Pope Francis on married priests

A recent interview with Pope Francis has put the issue of married priests out there, with some responding with jubilation and others with consternation as can be observed on social media and in comments sections.

The Catholic Herald reports on the interview here.  An excerpt.

Francis said: “We have to reflect about whether the viri probati are a possibility. Then we also have to determine which tasks they could have, for example in far distant parishes… In the Church, it is always important to recognise the right moment, to recognise when the Holy Spirit demands something. That is why I say that we will continue to reflect about the viri probati.”

A few months ago, the Brazilian theologian Leonardo Boff said he had heard that the Pope might introduce a trial period for viri probati in Brazil.

The Pope also discussed the possibility of female deacons, saying that theologians should study the example of Scripture. “What did this mean at that time [of the Bible]? What does it mean today?” He added: “Don’t be afraid! That makes us free.”

Interestingly, we in the Ordinariates who have a long experience of married priests are not necessarily on a progressive bandwagon that includes married priests with a push for ordained women deacons and ultimately women priests.

I am for a chaste priesthood—whether celibate or married.  I am for celibate priests who could have been wonderful fathers and husbands and who have sacrificed the goods of marriage and family for a greater call, not for a celibate priesthood that attracts men who are not simply not attracted to women or interested in marriage and family.

We have a lot to learn about the celibate priesthood in the Ordinariates as the norm in the future will be celibacy and even now our married priests are on a case-by-case basis, requiring special papal approval.

I also think we have to look more to supernatural means of solving such things as vocations’ crises, whether to marriage, the priesthood or to consecrated life.  When we forget about the power of God, and then try to patch the problems ourselves, we compound the problem.  Your thoughts?

1 thought on “Pope Francis on married priests

  1. This is not the first time that Pope Francis has indicated a desire to relax the discipline of clerical celibacy in the Roman Rite, but he has also indicated that he wants the initiative to come up from the various episcopal conferences rather than imposing it on the whole church by papal decree.

    There is considerable wisdom in this, as a change in discipline entails several practical difficulties that bishops will need to address at the local level.

    1. Most parish rectories are configured for celibate clergy, to provide a suite of two rooms (a bedroom and a study) for each resident priest. Reconfiguration of existing rectories, or construction of new rectories, to accommodate significant numbers of priests who are married, many of whom will have children, will be a major expense.

    2. Married priests must receive compensation that’s sufficient to support their wives and their children. The impact of providing this level of compensation for a small number of married priests is “in the noise” of a diocesan budget, but the impact of greater numbers of married priests would require a substantial realignment of diocesan budgets and priorities.
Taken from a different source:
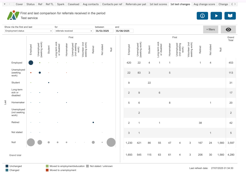 This dashboard shows the first and last status for employment, sick pay, sick absence, care cluster and psychotropic medication. The chart on the left shows first and last indicated by a coloured dot (see key) and the right chart gives you the data behind each value.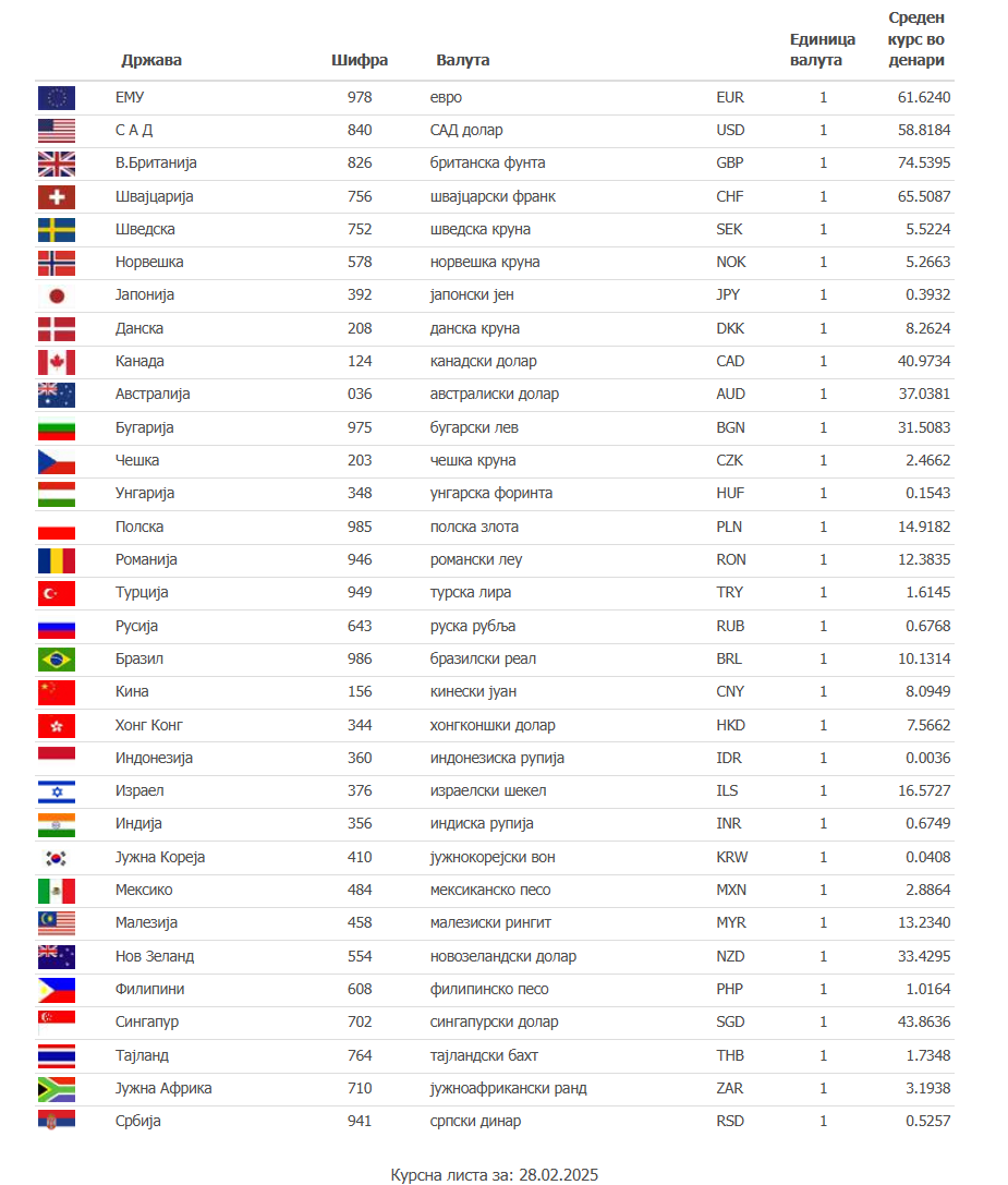 Курсна листа на Народната банка на Република Северна Македонија формирана на 27.02.2025 која се применува од 00:00 часот на 28.02.2025 година до почетокот на важење на новата Курсна листа:

    3. Celibate clergy can relocate to a new assignment in a heartbeat, but transfer of a married priest requires consideration of the impact on his wife (possible employment issues) and children (change of school). This will require a major shift in the manner of personnel management, including some manner of distributing “supply” priests around a diocese so that they can cover an unexpected vacancy or the sudden absence of a pastor wherever it might arise.

    4. Although the acceptance of married priests by the local Catholic population generally has been very high in North America and in other English-speaking countries, there is no assurance of a similar reception in other places. Rather, it’s likely that some places will have a need for extensive catechesis before one can implement such a change effectively.

    5. There’s also a serious concern of what will happen when priests’ marriages get messy — and, sooner or later, some inevitably will. Although permanent deacons take the same vow as married priests not to remarry if their spouse dies, the Vatican has been granting dispensations fairly routinely to permit permanent deacons whose wives have died, leaving young children, to marry again because the sense is that young children need a mother figure. Of course, a member of the clergy being involved in a divorce clearly would NOT be a good situation!

    It’s certainly true that the transition from a predominantly celibate clergy to a predominantly married clergy will be gradual, but that does not alter bishops need to manage these, and probably other, issues in a proactive way if such a restoration is to work.

    But the good news, for the ordinariates, is that a change of discipline in the territory of an episcopal conference clearly will extend to any ordinariates erected within that territory!